3. Other Alternatives

Of course if you are only printing very rarely you could go the manual route and just sync your Android tablet or phone with your PC/laptop, copy the documents/photos over to it and go from there – or even the kludge of emailing the file to yourself, receiving it on your computer and then printing the attachment there…


Apps from printer manufacturers vary considerably but may be worth trying (if you have a supported printer) – to avoid possible frustration, double check the requirements and features carefully.

Using Google Cloud Print is another useful way to print from Android tablets and phones but, unless you have a supported new Cloud printer, it can be frustrating to have to turn on your PC/Mac before printing from your Android device can begin – it would be much better to send directly to the printer rather than via another computer.

6 Responses to: "How To Print From Android Tablet Or Phone"

  1. El says:

    of course there is also the third party app solution especially if you have an older printer like i do
    print n share is pretty good on my iPhone, or Print for Android (same company I think) ;)

  2. Lancer says:

    One of the drawbacks to Google cloud print is that, as you mentioned, the printer has to be connected with the computer. What isn’t properly addressed or emphasized in any of the tutorial websites is that the printer needs to be LOCALLY connected with that computer.
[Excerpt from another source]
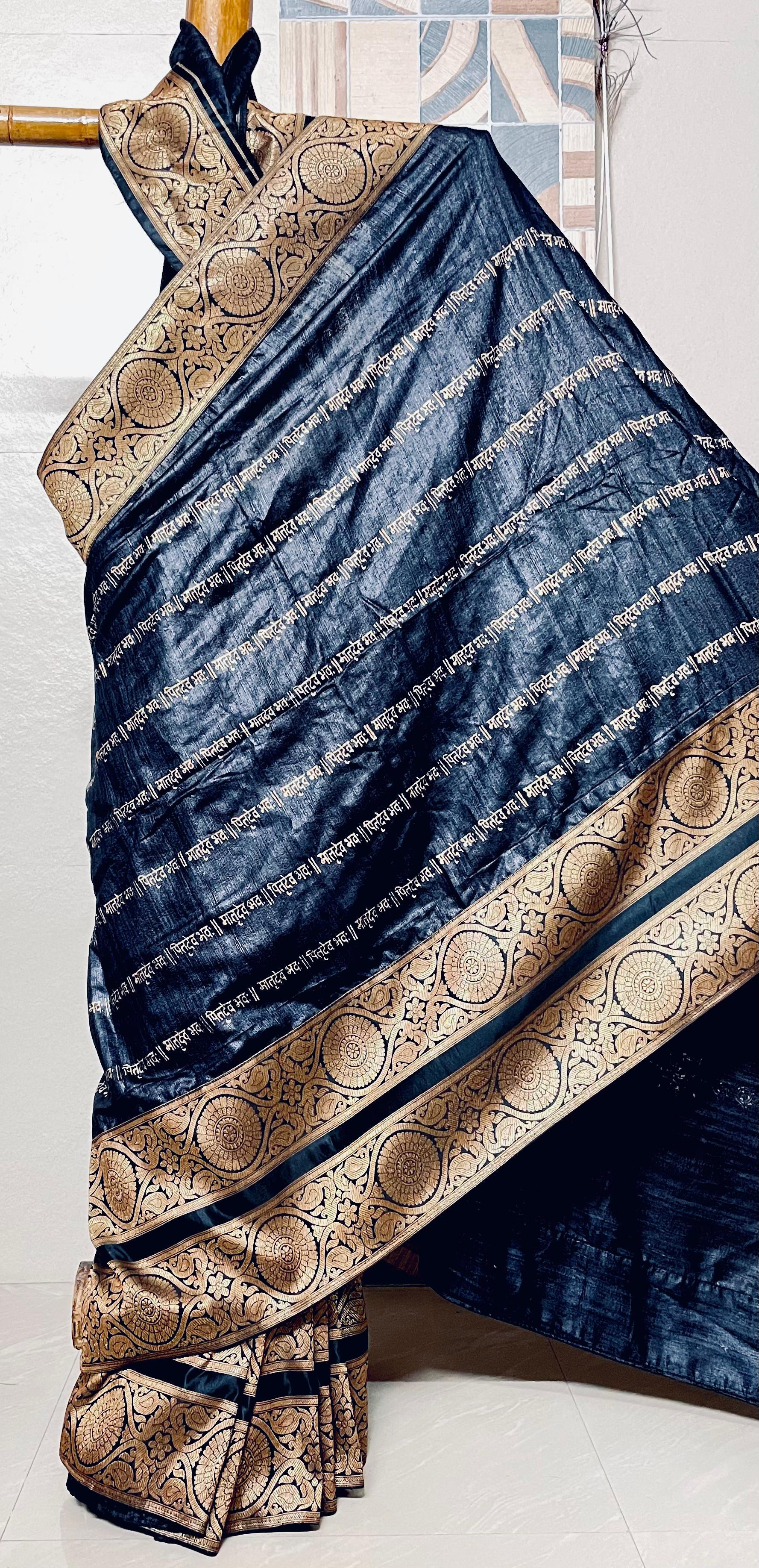 Wrap yourself in elegance with this Pure Black Ghicha Silk Saree, where artistry meets heritage. Crafted from certified Pure Ghicha Silk, it features a hand block printed pattern with 2.5 meters of intricate script and 3 meters of delicate floral designs. Enhanced by a striking Pure Benarasi Patch Border in black, it imparts a majestic touch. The saree is completed with a matching black Ghicha silk blouse piece for a polished, sophisticated look.

You cannot connect to a network printer with Google cloud print. This makes it rather difficult to print from a tablet or android phone from your home or office network if the only printer is connected via a pre-existing network.

    • Roy says:

      @Lancer – good point, Cloud Print does require a local printer (usually means USB).

      I wrote ‘connected to’ – by this I meant a local (usually USB) printer but I agree it’s not totally clear so I’ll amend the article. To be fair to Google, their Support page I linked to states “printers that are plugged into…a computer” which does rule out a network printer, although it would be good if they made it even more obvious and said so!

  3. Archangel says:

    Can’t install Google’s cloud print service without first installing their POS Chrome browser because they block downloading of the install kit from every other browser – guess that’s another example of their “don’t be evil” mantra – like the government they just want to force you to take what they “know” you need even if YOU know you don’t

  4. pacolaser says:

    I set up my old but trusted HP LJ1100 as a LAN printer using a cheap wifi router from ASUS that has a USB port and I used a USB>LPT converter. The ASUS router connects to my main LAN and ADSL router. It works like a charm. XP and openSuse boxes have no trouble printing wirelessly. On XP the printer is installed as the default for the entire OS, not just Chrome or gMail.

    Everyone here uses the Chrome browser so cloud print is also available if needed. We are very happy to have an independent wifi LAN printer.

    We have Android tablets and phones and I am just trying to find the best print solution: print via the cloud or go for a direct LAN print. Any advice would be welcome.

  5. Rudolph says:

    CRAP! Yet one MORE always updating / data using / battery draining always on useful app. NOPE! Still can’t print from clipboard. And even MORE personal information is logged at NSA in Utah. Where when will it all end?!